Another positive change would be tweaking the approach of the Government on how they are going about in opening more centres around the country. Communities should be involved more and invited to be part of the process of welcoming new people into their communities.

As well as this, many Irish people also need to realise that many migrants that are moving here are doing so to better their lives, not to cause problems. To improve their lives while they are raising their families. 
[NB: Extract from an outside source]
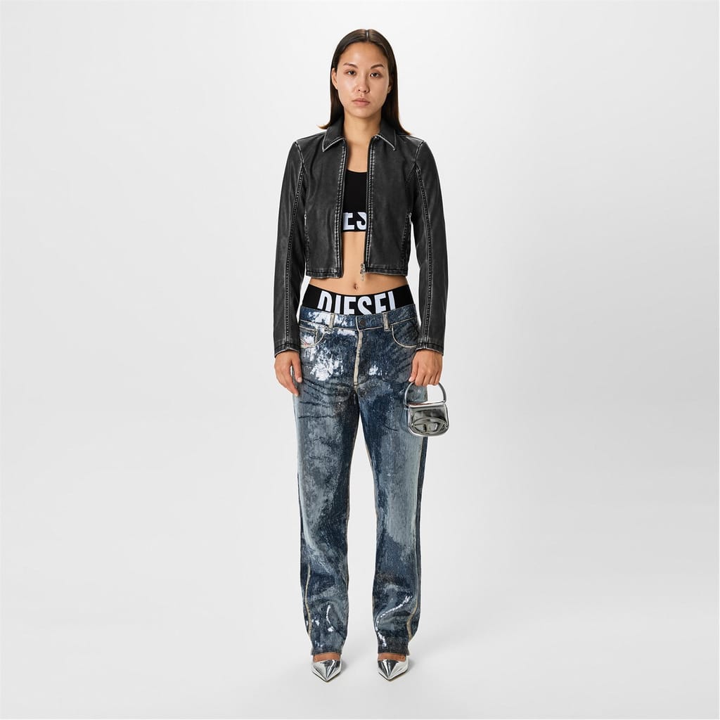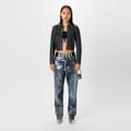 Women's denim five-pocket shorts with a relaxed-leg, knee-length fit.

Integration programs in major cities like Dublin would help ease this transition, where people learn from each others’ culture. It would also help combat the fear some people feel towards people of colour, which can sometimes lead to violence. 

Ireland is the land of one thousand welcomes, one that welcomed Suaad Alshleh from Syria, who just this week became the first person to win a new scholarship to study medicine. Migrants enhance Ireland's culture and charm, and in pushing them away, in calling them spongers, in attacking them while they try to live, we are losing an opportunity to connect with those who share our historical experience of moving in search of safety.

The views expressed here are those of the author and do not represent or reflect the views of RTÉ.